I've gone through about eight more discs from the EMI "Icons" set of William Steinberg recordings since my last entry on this topic, and there were a number of notable performances on those discs, including many Beethoven and Brahms entries along with a number of other standouts, such as the 1957 recording of the Dvorak Violin Concerto with Nathan Milstein.

But, I wanted to focus in particular on one of my very favorite Steinberg recordings - the Bruckner 4th Symphony. When people talk about the great Bruckner conductors, you seldom hear Steinberg's name mentioned. I wonder if this may be due, in part, to the fact that his golden years as a conductor were spent with the Pittsburgh Symphony Orchestra. Though it was generally recognized in that era as one of the top five US orchestras, it recorded in the States on Capitol Records, which may not have had the cachet of RCA or Columbia.

Whatever the reason, the lack of recognition is regrettable because, among other things, Steinberg was absolutely tremendous with Bruckner. One might expect that a conductor who hated display and attention-grabbing in his role would put out performances of a slightly robotic-sounding nature. Far from it. This Bruckner 4th is as nuanced a performance as I've ever heard on disc, with so many subtle surprises. Sometimes Bruckner sounds repetitive and frustratingly impotent. In Steinberg's hands, we have a performance that not only brings out the power of the work, but makes everything seem somehow inevitable.

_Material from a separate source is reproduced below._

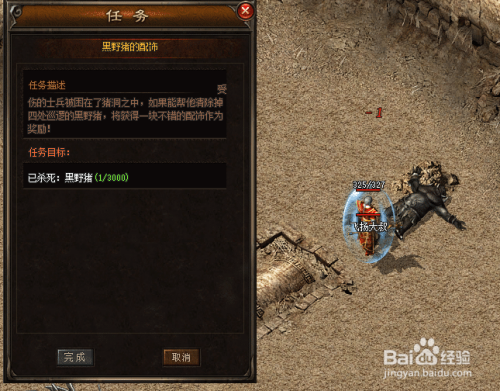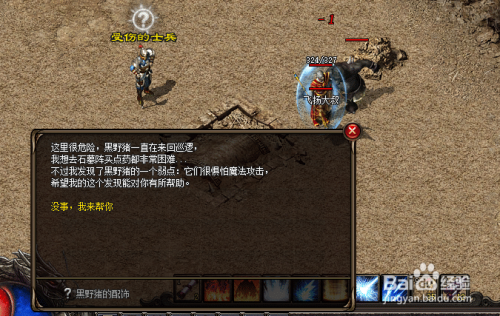 传送到野猪洞,跑到二层,地图右上方有个绿点,NPC受伤的士兵(坐标:328,88)

Before ending this, I also wanted to draw attention to another surprise on this particular disc. The Bruckner is (oddly) paired with a suite from Handel's Water Music. We've all become so used to HIP performances of Handel's music these days that the older mid-20th century performances seem bloated and inappropriate. In the case of Water Music and the Royal Fireworks Music, though, I have to confess to an anachronistic love a really lush orchestral interpretation from time to time.

I remember that years ago I went on a search for my ideal non-HIP performance of this music, but I was really disappointed with everything I heard, even when I had prepared myself to like it, based on the conductor's reputation. I wish I had found this recording then - it is exactly what I was looking for. Steinberg never drags his feet (ala Ormandy), but also never rushes things. He lets the orchestra breathe. I was very, very pleased.


----------